Orazio Borgianni (6 April 1574 – 14 January 1616) was an Italian painter and etcher of the Mannerist and early-Baroque periods. He was the stepbrother of the sculptor and architect Giulio Lasso.

Borgianni was born in Rome, where he was documented in February 1604. He was instructed in the art of painting by his brother, Giulio Borgianni, called Scalzo. The patronage by Philip II of Spain induced him to visit Spain, where he signed an inventory in January 1605. He returned to Rome from Spain after April 1605 at the height of his career, and most of the work of his maturity was carried out 1605–16. In Spain, he signed a petition to begin an Italianate academy of painting and executed a series of nine paintings for the Convento de Portacoeli, Valladolid, where they remain. From his time in Spain, there remain two of his paintings in the Prado Museum: St Christopher and the Stigmatization of St Francis and also an attributed selfportrait of youth. Not far from the Prado in Madrid, the Real Academia de Bellas Artes de San Fernando owns a David and Goliath.
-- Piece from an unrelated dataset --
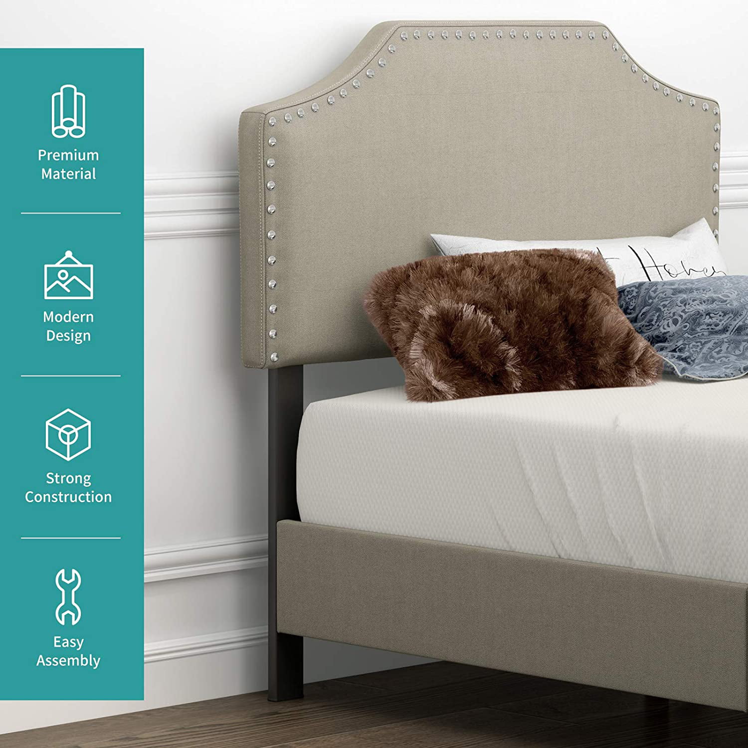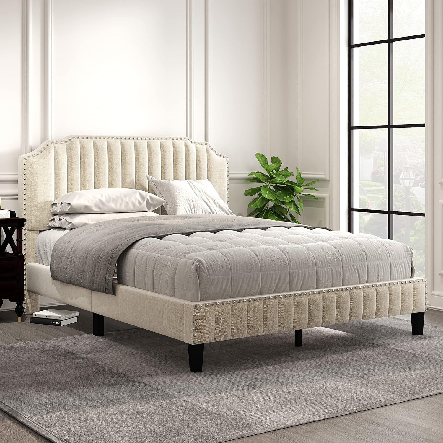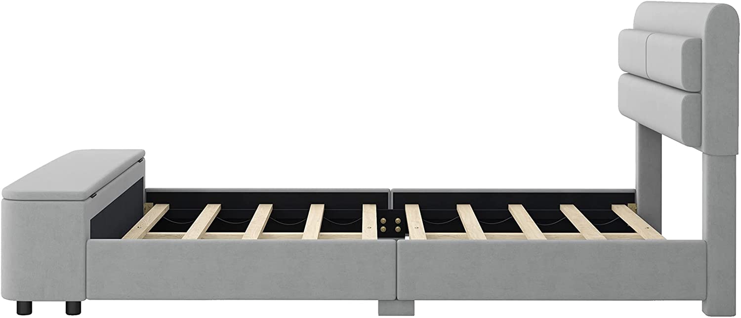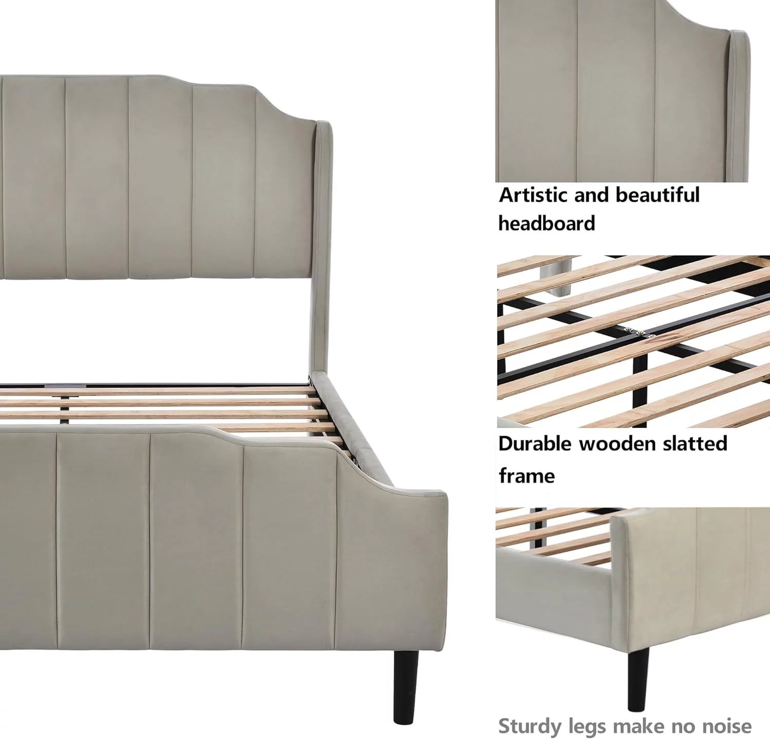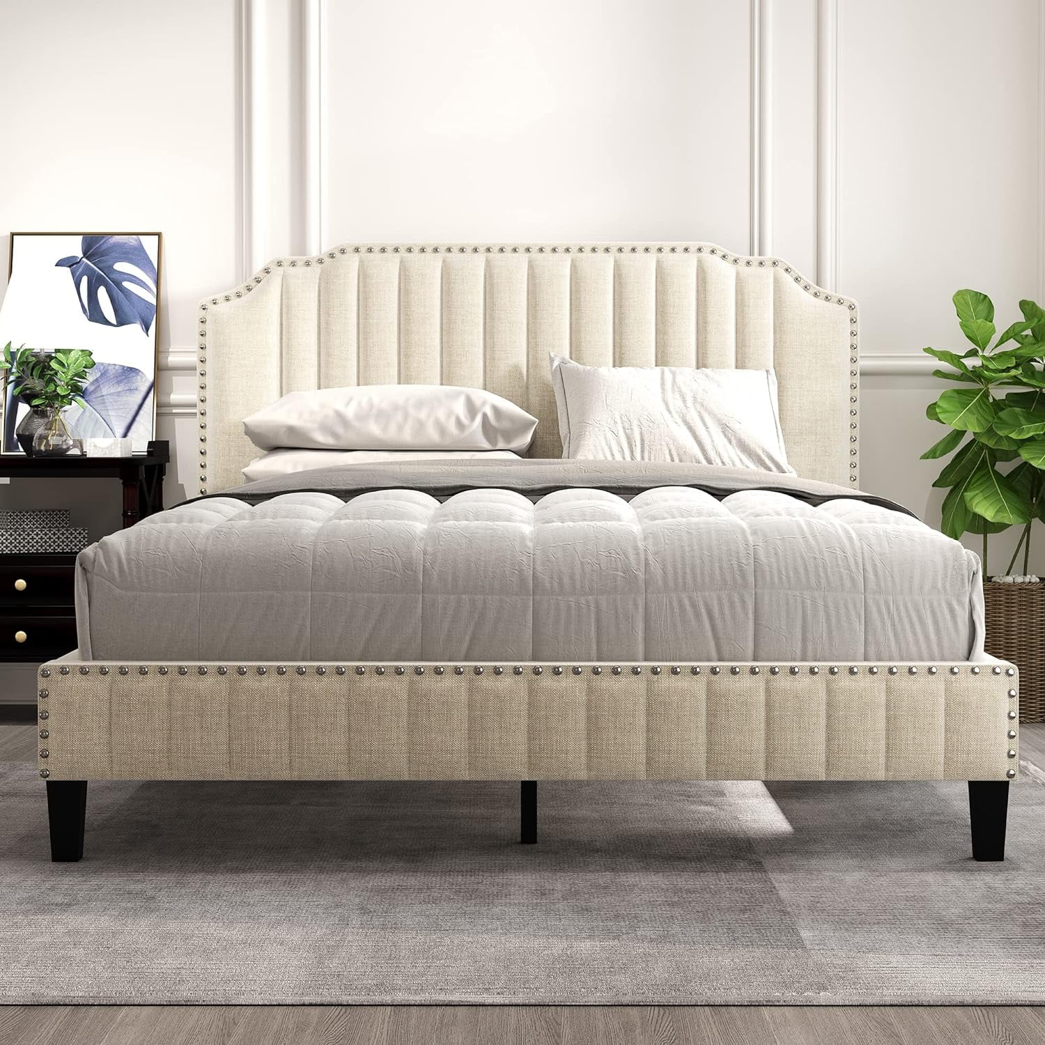 Signature Design by Ashley Vintasso Modern Upholstered Headboard, Footboard, & Roll Slats Bed, Queen, Gray
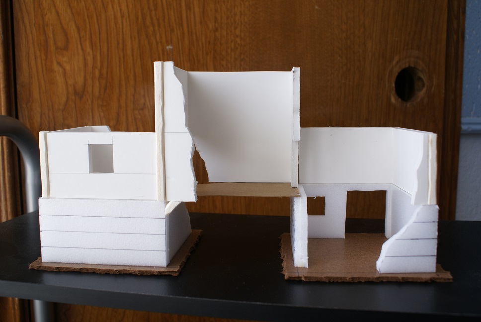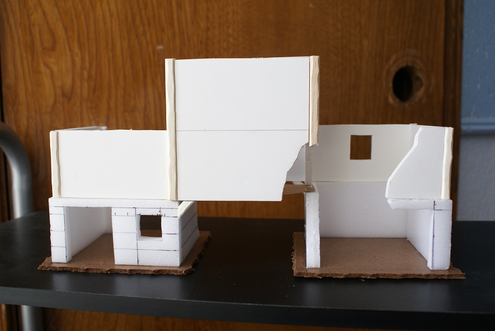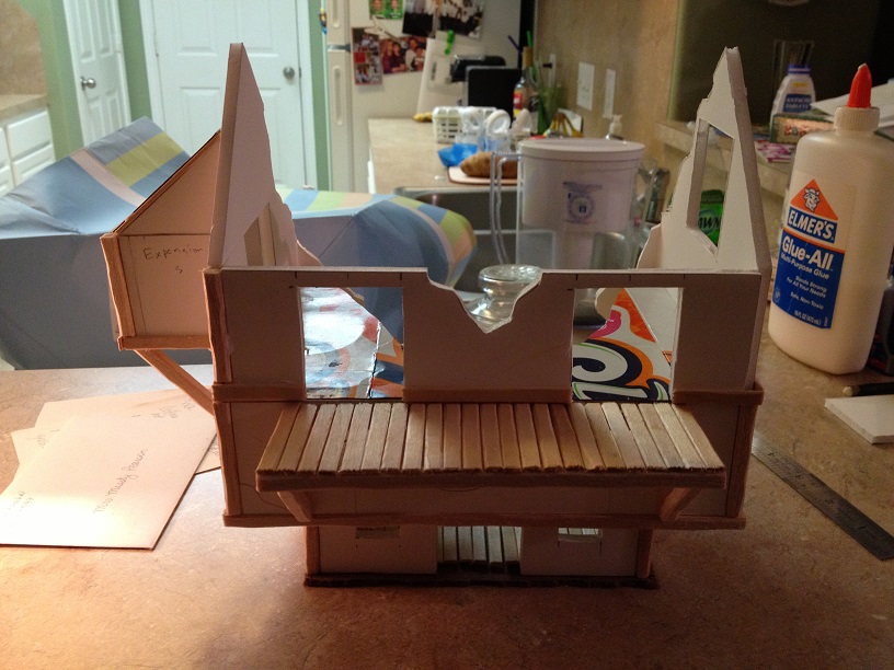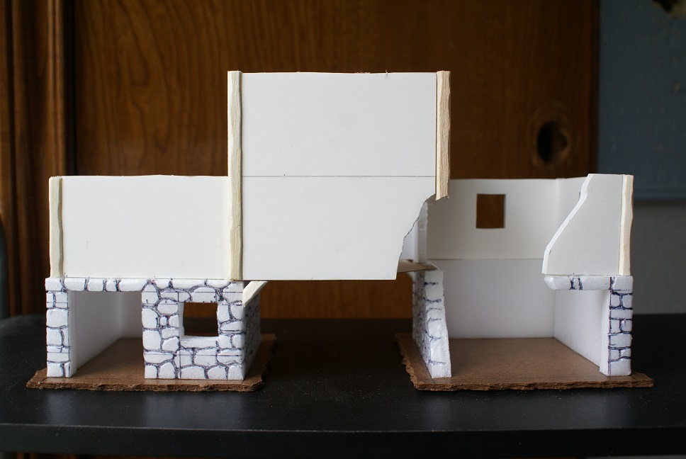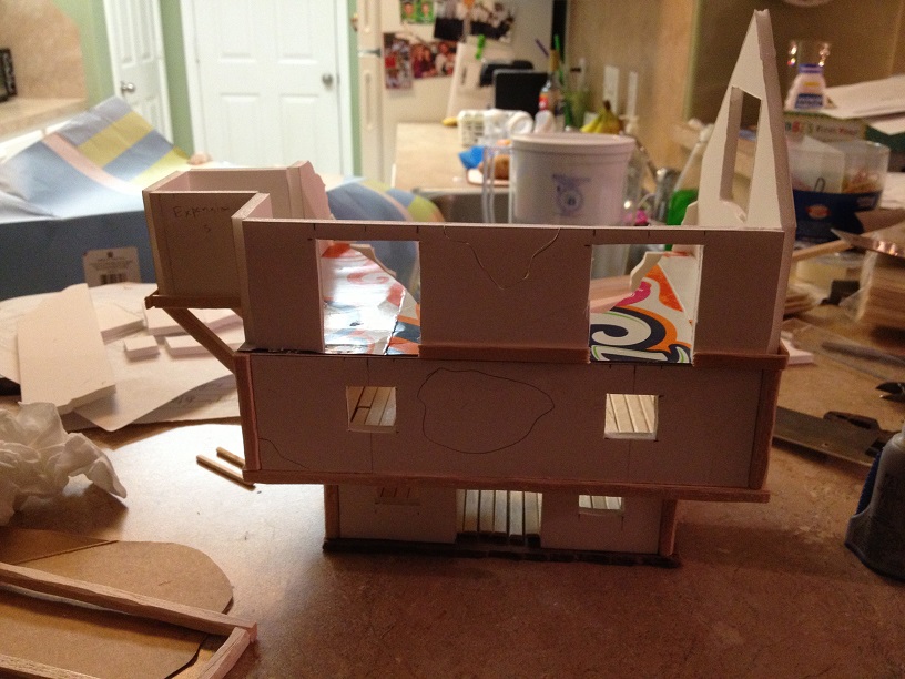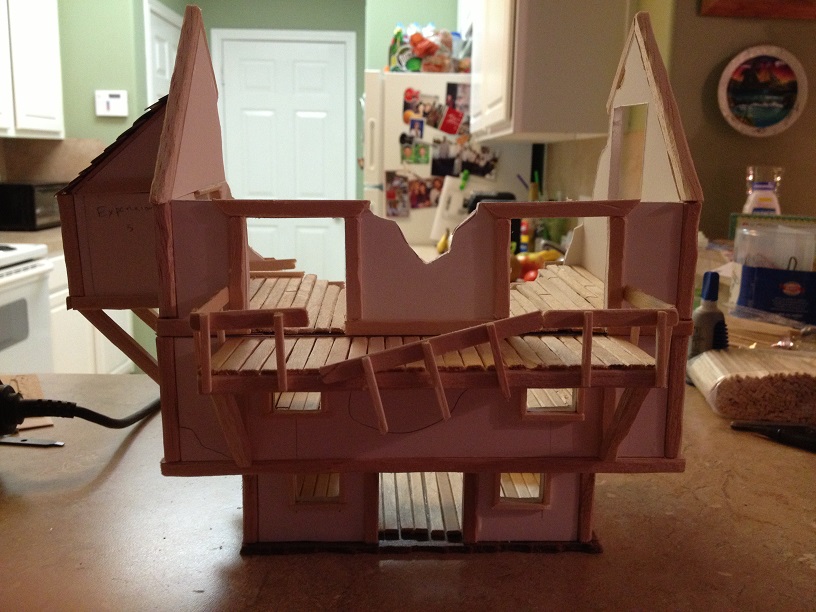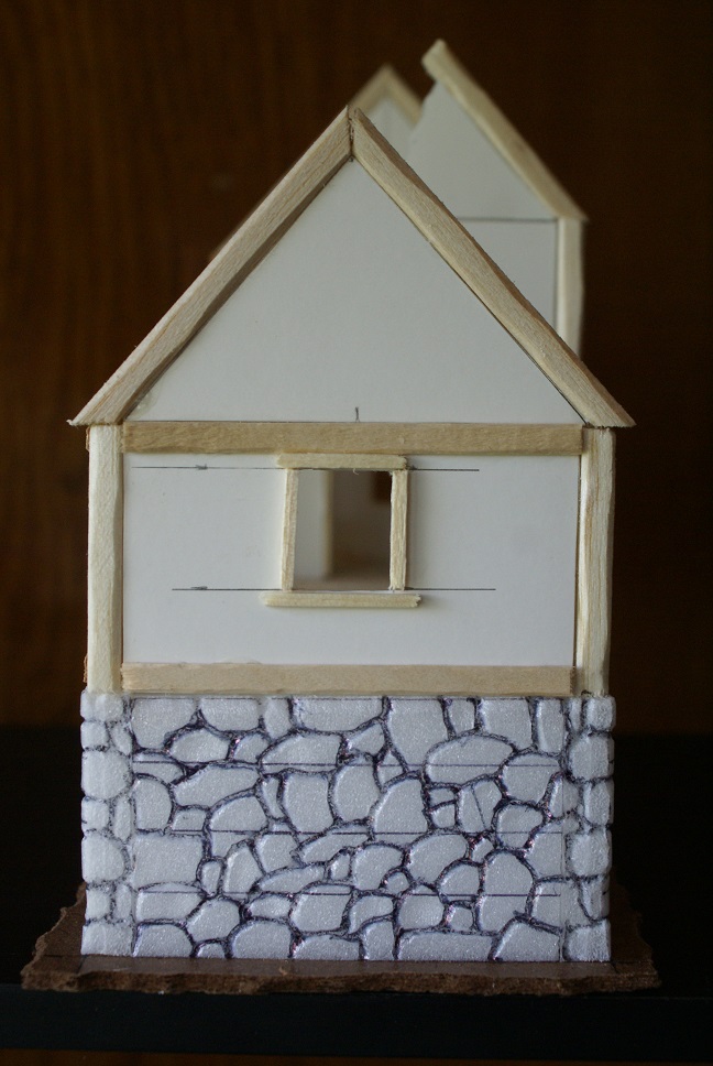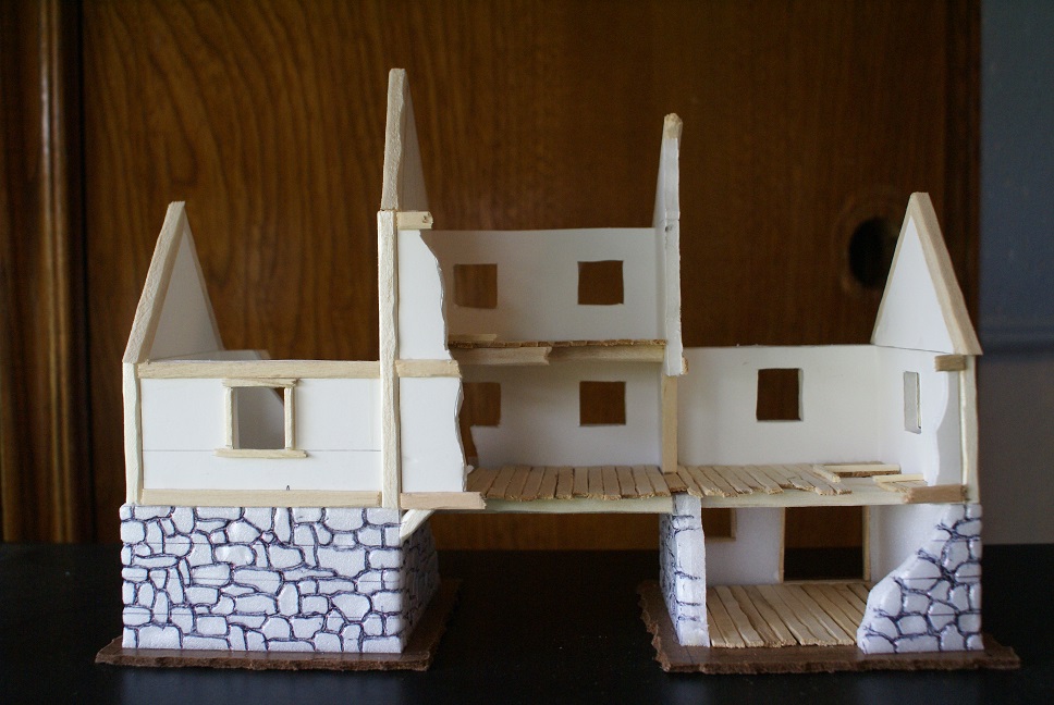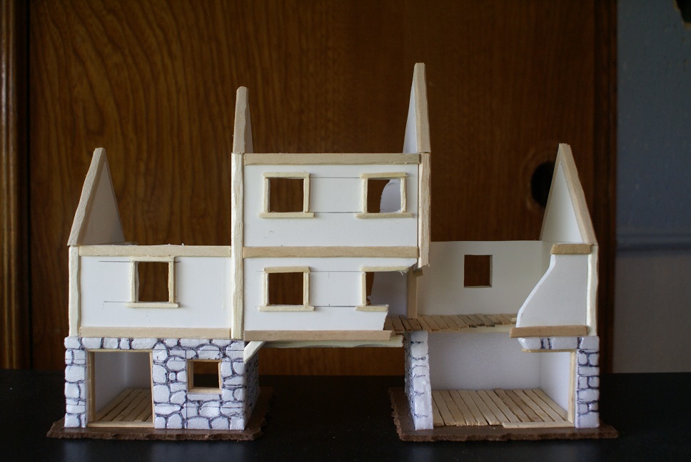 This is where I started. I decided on the dimensions of the bottom floor, then I measured and cut out a piece of hardboard a half inch(I went with one inch after this piece) longer and wider than my bottom floor. I then took a pair of pliers and carefully broke off the edges all the way around to give it a rougher, more natural look. I cut out each floor from(mostly) one piece of foamcore and made the floor boards for each floor from craft popsicle sticks. This part is really time intensive but the result can’t be beat by any other way that I have seen. I cut each stick to length and then shave down the top sides to give the sticks a slight beveled look and to really highlight the gaps between “boards” once painted. For the upper floor I first laid down a piece of thin cardboard(recycled from a soda 12 pack) in the rough shape of my floor and laid the popsicle sticks over that. Around the doors, I created door frames from more popsicle sticks, and around each window, I made window frames from square tooth picks.

On his return to Rome he was patronized by the Spanish ambassador, for whom he painted several pictures, and he was also employed in painting for the churches. He painted as late as 1630, after which he returned to Spain. He frescoed in the apse of the church of San Silvestro in Capite in Rome, a Martyrdom of S.Stefano I and a Messengers of Constantine call on Saint Silvestro (1610). His canvas of San Carlo Borromeo in the church of San Carlo alle Quattro Fontane (1612) is an eclectic and emotive synthesis of both Carracci and tenebrist styles. The influence of Caravaggio is also evident in a painting of the same saint (1616) now in the Hermitage Museum. A lively self-portrait of an earnest, somewhat foppish Borgianni is in the Rome Galleria Nazionale d'Arte Antica.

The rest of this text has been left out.